Guide to OOMKill Alerting in Kubernetes Clusters

Dragan Milic Monday 23 Nov 2020

Intro

RAM is most likely the scarcest resource that is first exhausted on your servers. If you’re serious about running software under Linux/Unix, you’re certainly aware of what an OOMKill is.

Short refresher: when a program requests a new memory page from the kernel two things can happen.

There is a free memory page: The kernel page assigns the page to the process and everything is great.
The system is Out Of Memory (OOM): The kernel chooses a process based on its ‘badness’ (mainly by how much ram it uses). It sends a SIGKILL to the process. This forces the receiving process to exit with exit code 137. All the memory pages belonging to that process are free and now the kernel can fulfill the memory request.

Lately, I had a task to add alerting to a sizeable Kubernetes cluster. The cluster has ~100 active Deployments with autoscaling of nodes up to ~50 nodes at peak times. The cluster is well maintained and has a robust autoscaling strategy. All deployments have resource limits defined. Sometimes, some of the deployed pods would breach the memory limits. In those cases, it would be nice to find out when that happens and investigate the cause of it.

Prometheus and Alertmanager were already deployed. So I’ve thought that alerting on OOMKills will be as easy. I just had to find the right metric(s) indicating that OOMKill has happened and write an alerting rule for it. Given the length of this post, you could imagine how wrong I was!

First Attempt

A brief Google search has led me to the kube pod state metric. It turns out it has a metric called kube_pod_container_status_last_terminated_reason. The value of the metric is 1 when a container in a pod has terminated with an error. Based on the exit code, the reason label will be set to OOMKilled if the exit code was 137. That sounded promising! So I’ve created an alert for that.

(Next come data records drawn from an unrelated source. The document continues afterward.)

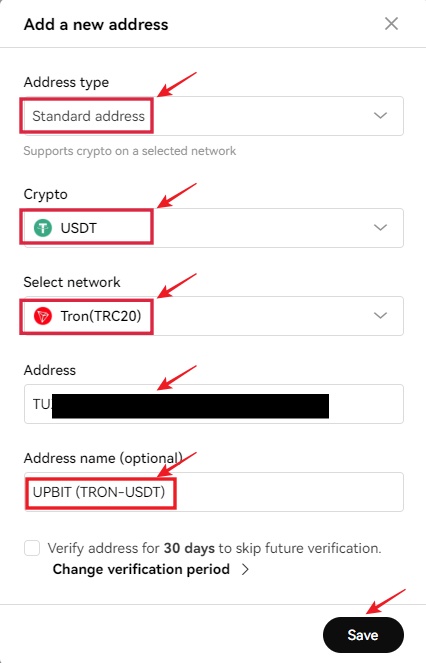 [ Address name ] UPBIT (TRON-USDT) : 본인이 알기 쉽게 적습니다.
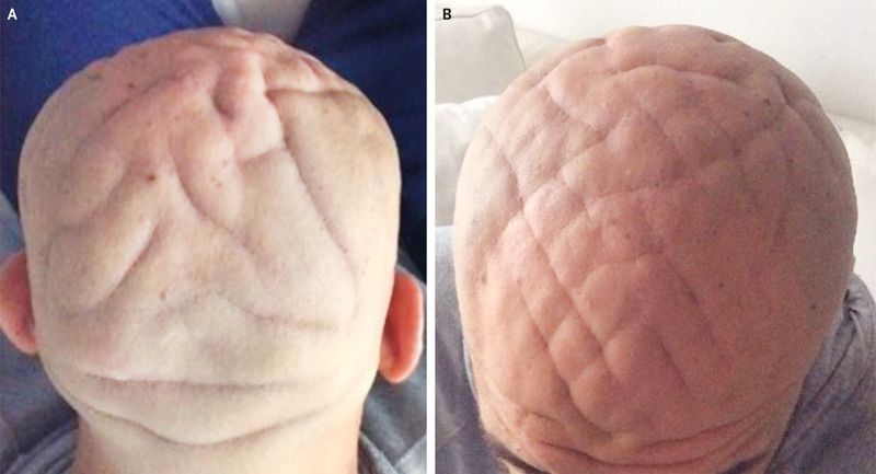 A 37-year-old man presented to the endocrinology clinic with a 4-year history of excessive sweating, headaches, and joint pain. His wife had also noticed increasing skin folds on his scalp. Physical examination showed thickening of the skin on his scalp with ridges and furrows (Panel A, back of head, and Panel B, top of head). He had enlarged feet and hands and a protruding lower jaw. Findings from laboratory evaluation were notable for an insulin-like growth factor I level of 907 μg per liter (reference range, 82 to 237) and a random measurement of the growth hormone level of 7.3 μg per liter (reference range, 0 to 0.8). A 75-g oral glucose load did not suppress the growth hormone level and confirmed a diagnosis of acromegaly. Magnetic resonance imaging of the head revealed a pituitary adenoma measuring 27 mm by 22 mm by 25 mm. The thickening and furrowing of skin on the scalp, called cutis verticis gyrata, can occur as an isolated finding or may be related to a number of conditions, such as acromegaly, as in this case. The patient underwent transsphenoidal resection of the pituitary adenoma. He had residual tumor and was treated with a somatostatin analogue and a growth hormone receptor antagonist. He received injections of soft-tissue fillers in an attempt to create a smoother appearance of the scalp, but the injections had only partial effect.
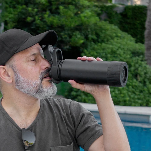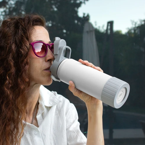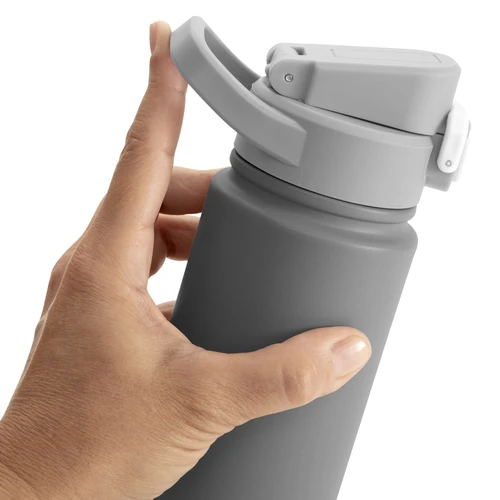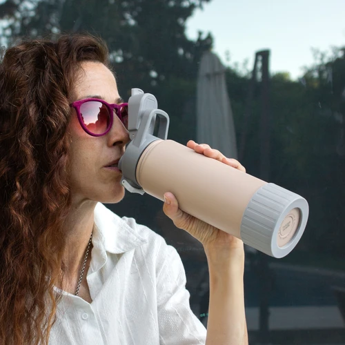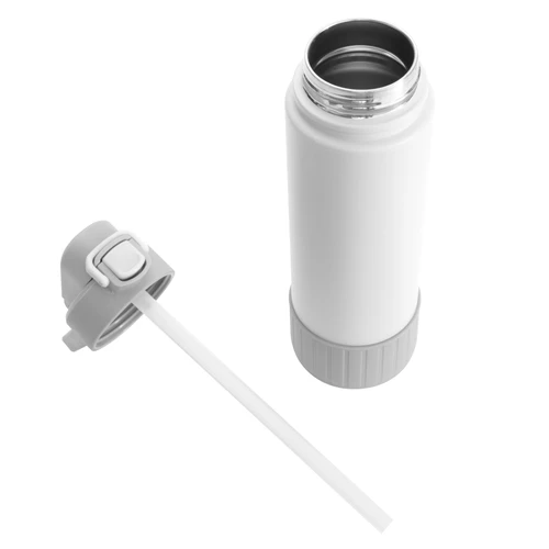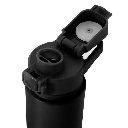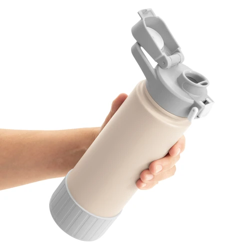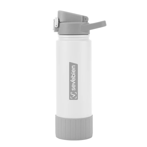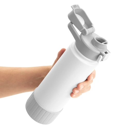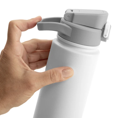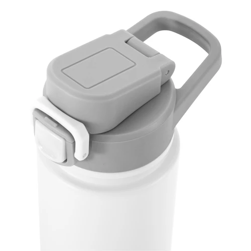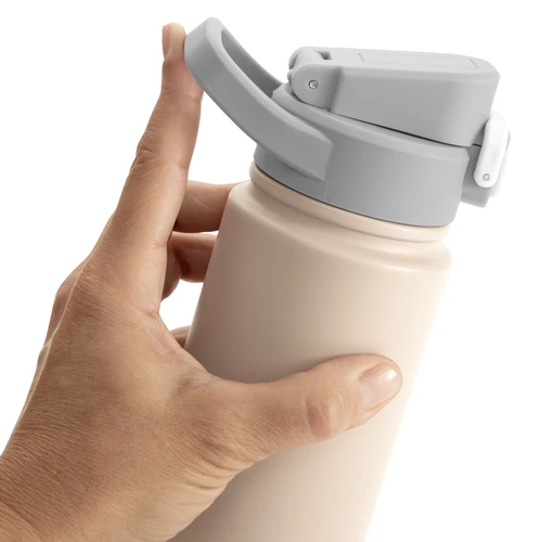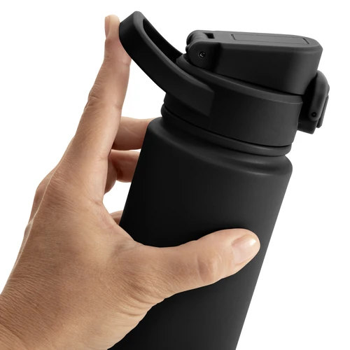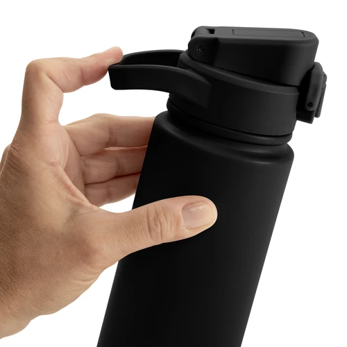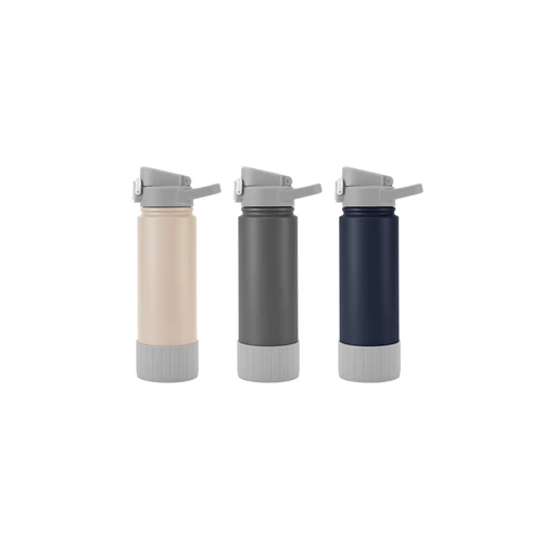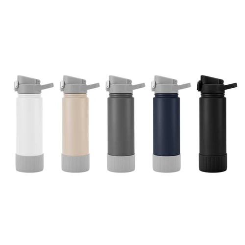Hidratación que acompaña tu ritmo.Botella deportiva con doble pared, sellada al vacío. Interior de acero 304 y exterior de acero 201. Pintura powder coat (pintura más duradera y resistente a la corrosión y el paso del tiempo). Tapa plástica a rosca con anillo de silicona combinada con tapa rebatible a presión y traba de seguridad antiderrame. Asa flexible y resistente de TPE. Boquilla con bombilla incluida. Base con grip de silicona del mismo color de la tapa. Mantiene hasta 12 hs la temperatura de las bebidas calientes y hasta 24 hs de las bebidas frías. Medidas: Ø 7,5 cm x 26,5 cm. y ancho de tapa 11 cm.
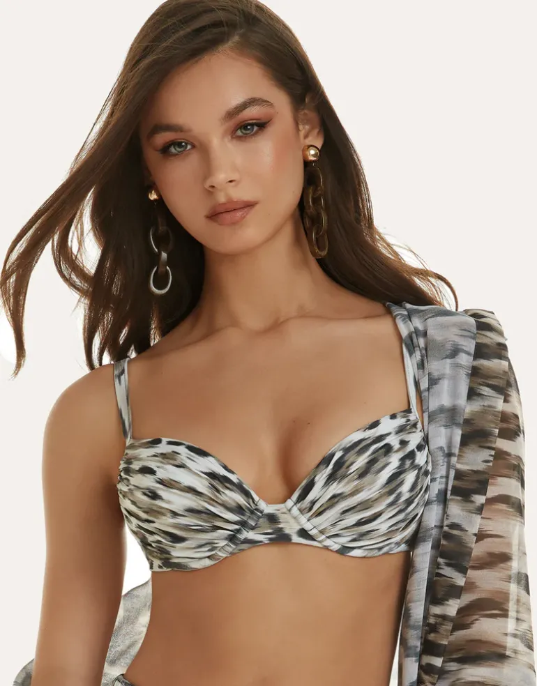The Africa Underwired bikini set from Roidal is a fabulous animal print bikini with a moulded underwired bikini top with gathered cups, adjustable straps and a clip back, paired with a moderate coverage pant with gathered front.

As usual, things are rarely straightforward. As soon as the container restarts, the value of this metric will be 1. For alerting purposes, one has to combine it with another metric that will change when a pod restarts. kube_pod_container_status_restarts_total does that. Combine the two - and Bingo! It Worked!

“Invisible” OOMKills

For a brief moment, I’ve thought that I was done. I was about to declare victory over OOMKills in production! But then a puzzle came my way: One of our software developers has come forward. He claimed that one of his pods was running out of memory and he couldn’t see any alerts for it.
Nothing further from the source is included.